** Your assignment **
Please print nothing but the lines from the one with "Mixoy Platform Bed" to the last line of the records below, and omit pictures.

-- Data section follows --

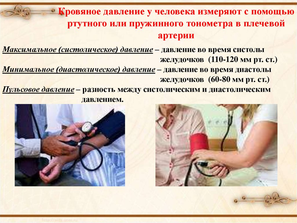 Кровяное давление у человека измеряют с помощьюртутного или пружинного тонометра в плечевой
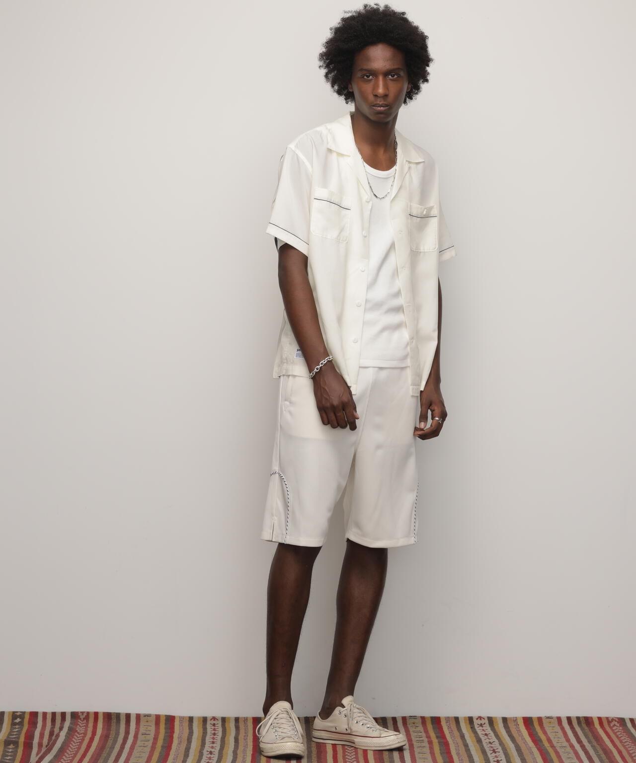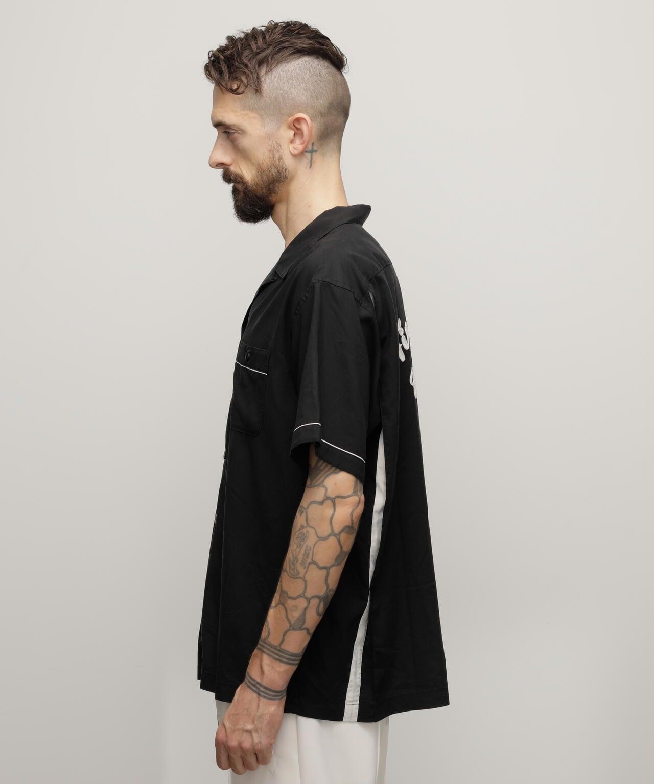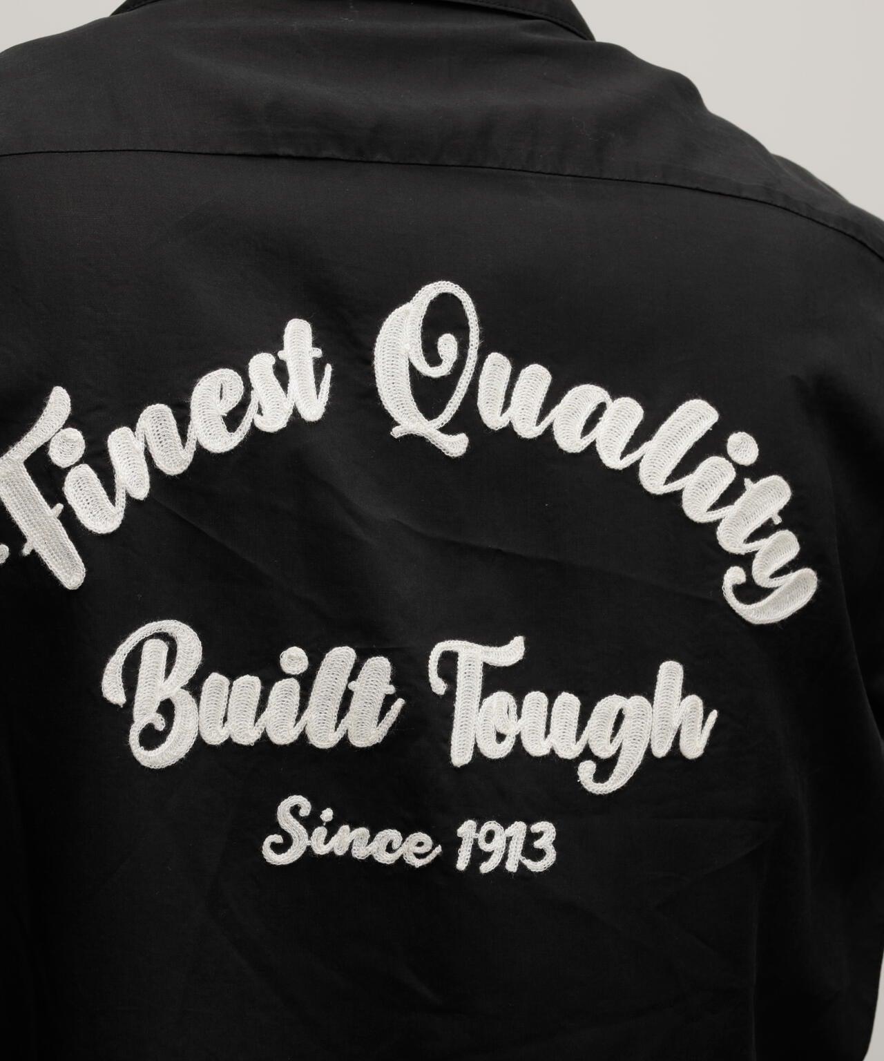 斜紋織物由植物提取的可持續萊賽爾纖維製成。平紋織物堅固耐用,耐摩擦。 平整的表面觸感光滑。這種面料具有絲綢般的光澤,外觀高貴。襯衫的合身性和舒適性是 Lyocell 的一大特點,穿著極為舒適。它原本是打保齡球時穿的制服,後來被引入當時的搖滾樂熱潮中,成為一種時尚單品。它的刺繡工藝如復古一般,線量經過調整,堪稱👍。[肖特/Schott]它是騎手夾克的代名詞。
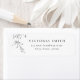 Minimalist return address sticker with rustic hand illustrated botanical leaves and modern classic font in black and white, simple, elegant and professional.
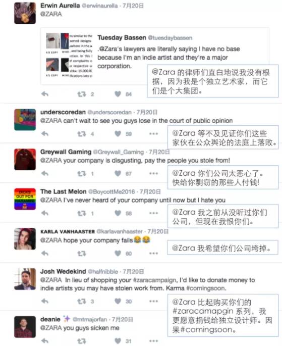Zara 官方 Twitter 账号 7 月 19 日网友评论
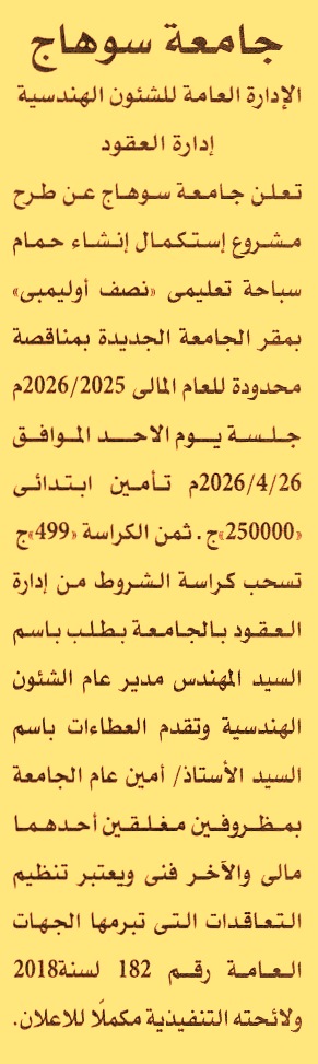 HOT information مناقصة عامة لعملية استكمال إنشاء حمام سباحة تعليمي “نصف أوليمبي” بمقر الجامعة الجديدة عن جريدة الأهرام Post navigation جامعة سوهاج جامعة سوهاج الأهلية
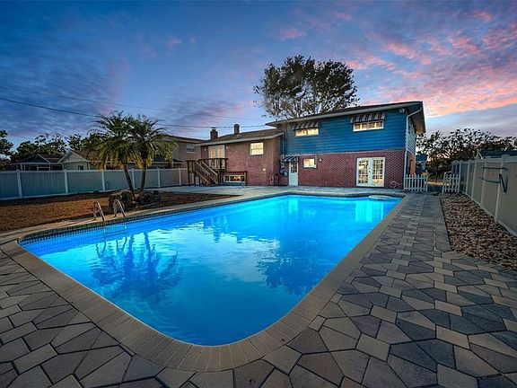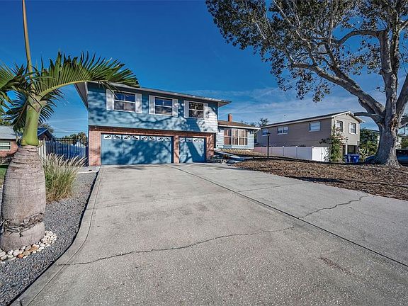 Welcome to your own piece of paradise near the end of a quiet cul-de-sac in a desirable beachside community. This beautifully maintained 3,000 sq. ft. home offers the perfect combination of space, comfort, and location just minutes from the Gulf. The spacious owner’s suite features two walk-in closets and a luxurious bath with Italian marble floors, dual granite vanities, a jetted soaking tub, and a walk-in glass shower. Two additional bedrooms on the upper level share a full bath with double vanity. Carpet has been removed in the primary and second bedrooms on the third level, ready for new flooring. The garden-level suite offers French doors overlooking the pool and access to a full bath, ideal for guests, in-laws, or a private home office. The main level showcases an open floor plan that flows from the kitchen to the dining and living areas, creating an inviting space for entertaining. The kitchen includes solid hardwood cabinetry, granite countertops, a large center island, and abundant storage. The living room features a wood-burning fireplace and plenty of natural light. The daylight basement provides additional living space perfect for movie nights or game day gatherings. A custom-built Birdseye maple bar with granite counters, wine chiller, ice maker, and a second wood-burning fireplace make this level a standout feature of the home. Quality upgrades can be found throughout, including plantation shutters in every room, solid hardwood doors with upgraded hardware, and crown molding in most areas. Step outside to your private backyard retreat featuring a 20x40 pool with in-pool table and seating. Both the front and backyards provide generous green space, ready for the new owner to customize and design to their personal taste. Additional highlights include a three-car garage with a wide driveway for extra parking. The home is located in a high and dry, non-evacuation zone, with no flood insurance required. Walking distance to Bauder Elementary and Seminole schools, and only minutes to the beautiful Gulf beaches. Enjoy the Florida lifestyle in this spacious coastal home designed for comfort, entertaining, and relaxation.
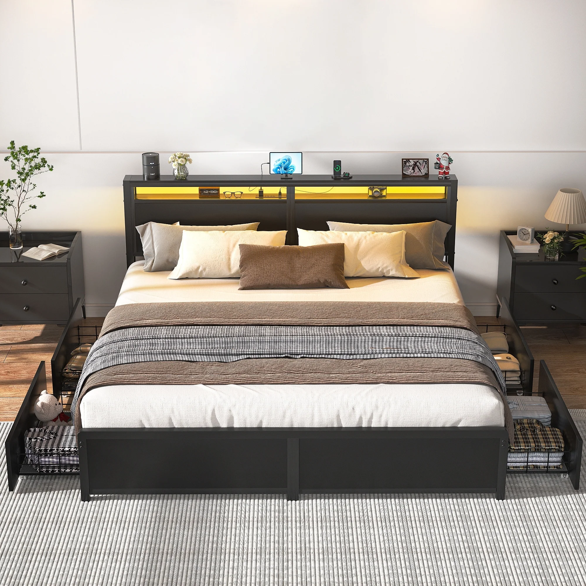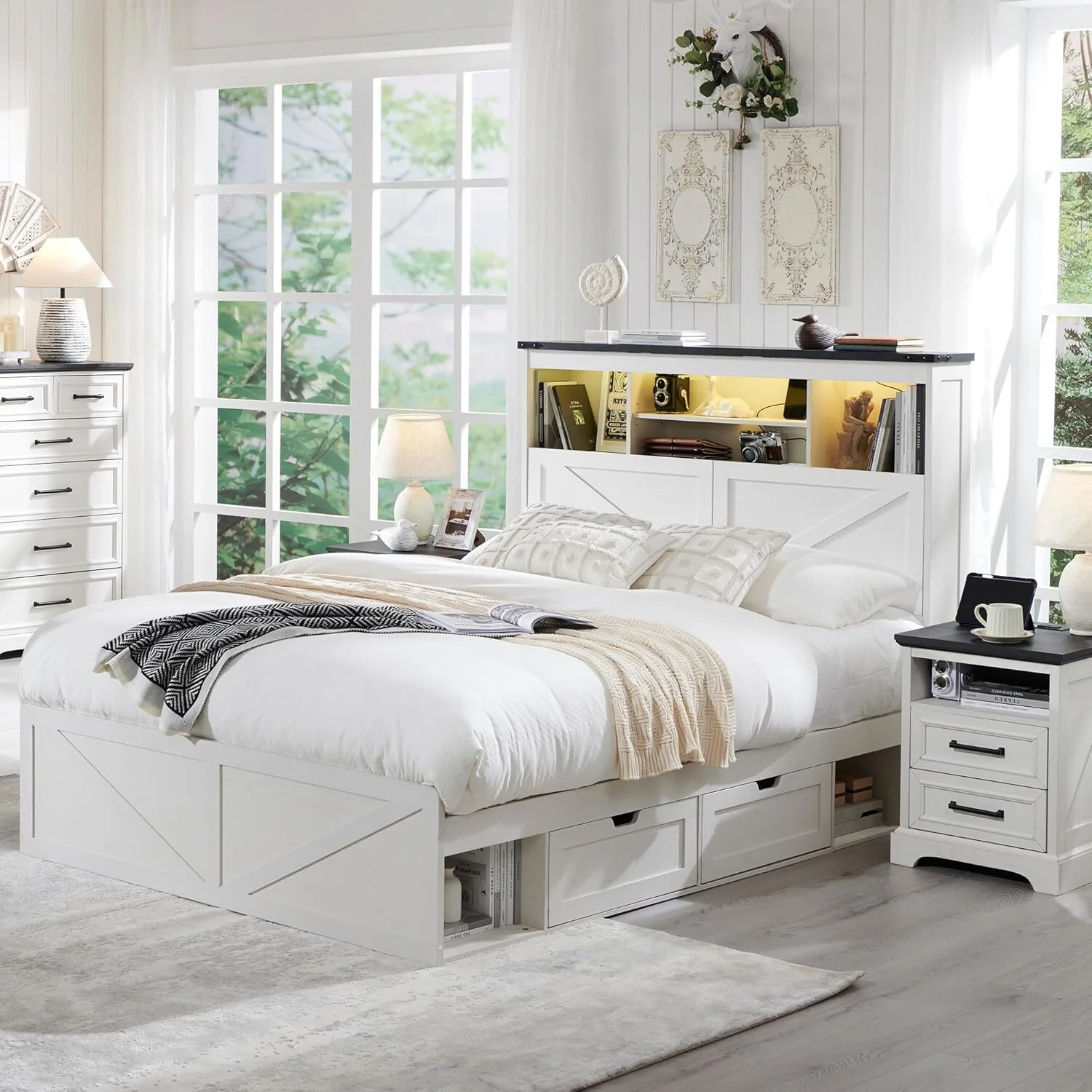 Mixoy Platform Bed Frame with Storage Drawers & Slat Support
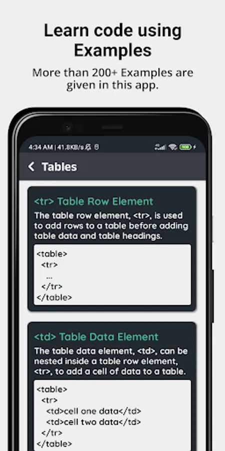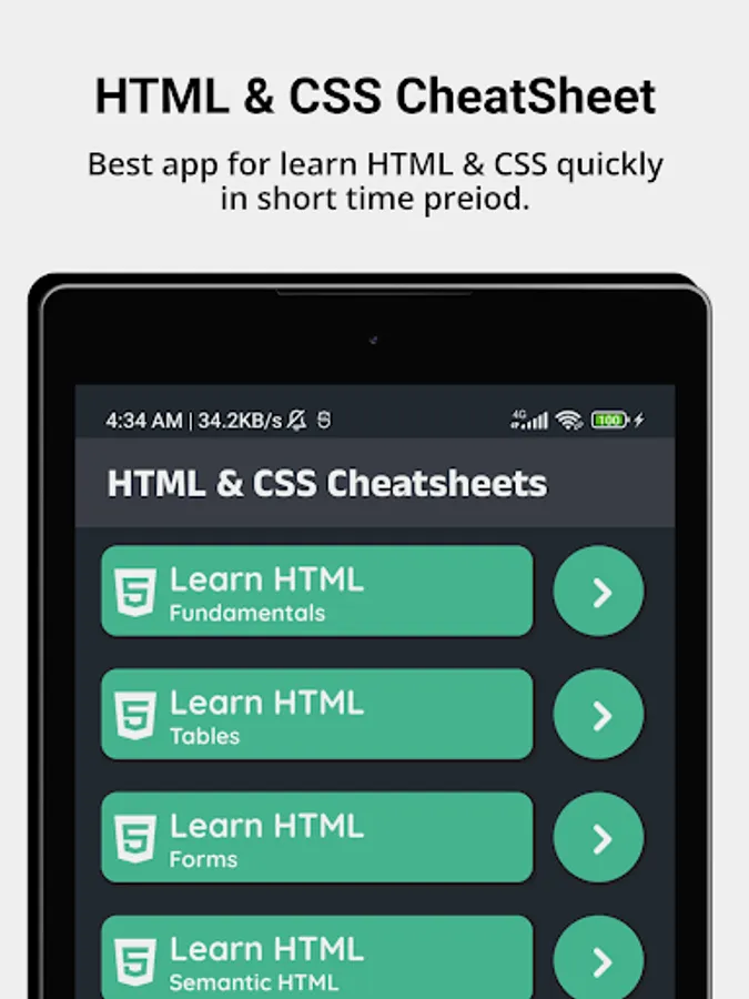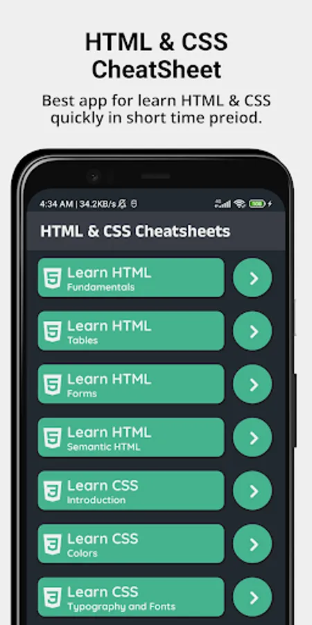 Our HTML & CSS Cheatsheets app is designed with 200+ HTML & CSS Examples to make your learning easier than ever.
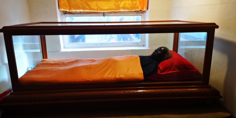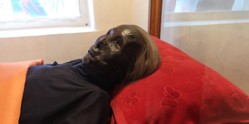 在老人逝世的二十几年时间里,刘尚林老师曾数次带领国内外不同层面的朋友瞻仰过老人,刘老师和考察团员们讲:可以看到老人遗容的三点变化:面部颜色由几年前的褐色变成了黑色;头发逐渐的在变黑;右眼睁开了一条缝。刘尚林老师的描述,得到了学强夫人的认可。
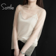 2017春季新款网纱打底衫吊带两件套镂空透视上衣时尚小衫雪纺衫潮

-- Data section concluded --

** Exercise output **
 Mixoy Platform Bed Frame with Storage Drawers & Slat Support
 Our HTML & CSS Cheatsheets app is designed with 200+ HTML & CSS Examples to make your learning easier than ever.
 在老人逝世的二十几年时间里,刘尚林老师曾数次带领国内外不同层面的朋友瞻仰过老人,刘老师和考察团员们讲:可以看到老人遗容的三点变化:面部颜色由几年前的褐色变成了黑色;头发逐渐的在变黑;右眼睁开了一条缝。刘尚林老师的描述,得到了学强夫人的认可。
 2017春季新款网纱打底衫吊带两件套镂空透视上衣时尚小衫雪纺衫潮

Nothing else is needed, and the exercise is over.